• Activity
The whole listing is to be restated word for word with no images.

• Material provided
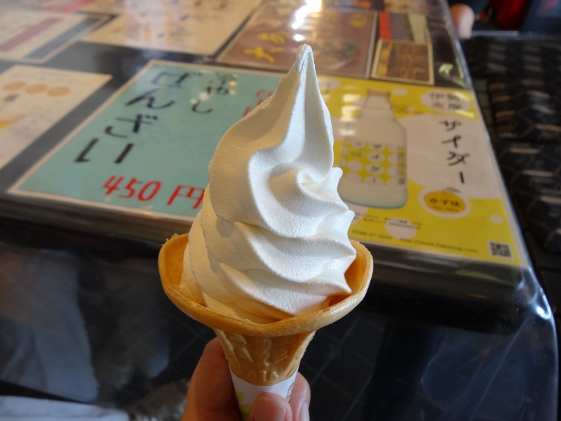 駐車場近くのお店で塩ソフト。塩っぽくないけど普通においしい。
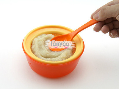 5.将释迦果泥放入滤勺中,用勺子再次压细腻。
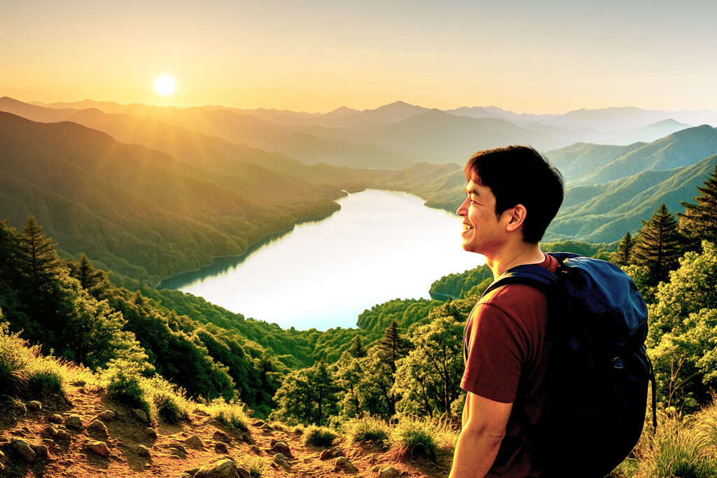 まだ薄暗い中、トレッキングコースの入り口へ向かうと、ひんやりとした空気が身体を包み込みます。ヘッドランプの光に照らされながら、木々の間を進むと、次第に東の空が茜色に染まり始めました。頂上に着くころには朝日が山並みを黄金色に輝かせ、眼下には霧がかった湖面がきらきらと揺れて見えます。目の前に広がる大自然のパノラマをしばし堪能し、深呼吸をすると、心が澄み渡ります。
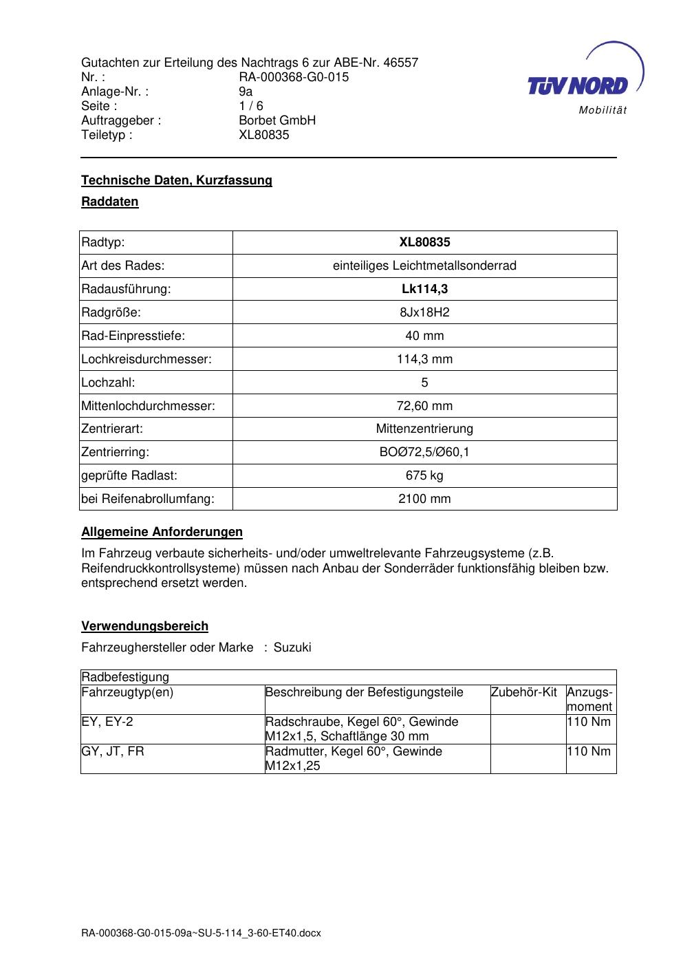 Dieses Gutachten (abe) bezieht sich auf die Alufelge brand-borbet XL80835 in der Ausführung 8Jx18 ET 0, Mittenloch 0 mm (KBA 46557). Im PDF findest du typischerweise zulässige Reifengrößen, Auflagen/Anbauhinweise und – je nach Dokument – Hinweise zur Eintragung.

• Finished exercise
 駐車場近くのお店で塩ソフト。塩っぽくないけど普通においしい。
 5.将释迦果泥放入滤勺中,用勺子再次压细腻。
 まだ薄暗い中、トレッキングコースの入り口へ向かうと、ひんやりとした空気が身体を包み込みます。ヘッドランプの光に照らされながら、木々の間を進むと、次第に東の空が茜色に染まり始めました。頂上に着くころには朝日が山並みを黄金色に輝かせ、眼下には霧がかった湖面がきらきらと揺れて見えます。目の前に広がる大自然のパノラマをしばし堪能し、深呼吸をすると、心が澄み渡ります。
 Dieses Gutachten (abe) bezieht sich auf die Alufelge brand-borbet XL80835 in der Ausführung 8Jx18 ET 0, Mittenloch 0 mm (KBA 46557). Im PDF findest du typischerweise zulässige Reifengrößen, Auflagen/Anbauhinweise und – je nach Dokument – Hinweise zur Eintragung.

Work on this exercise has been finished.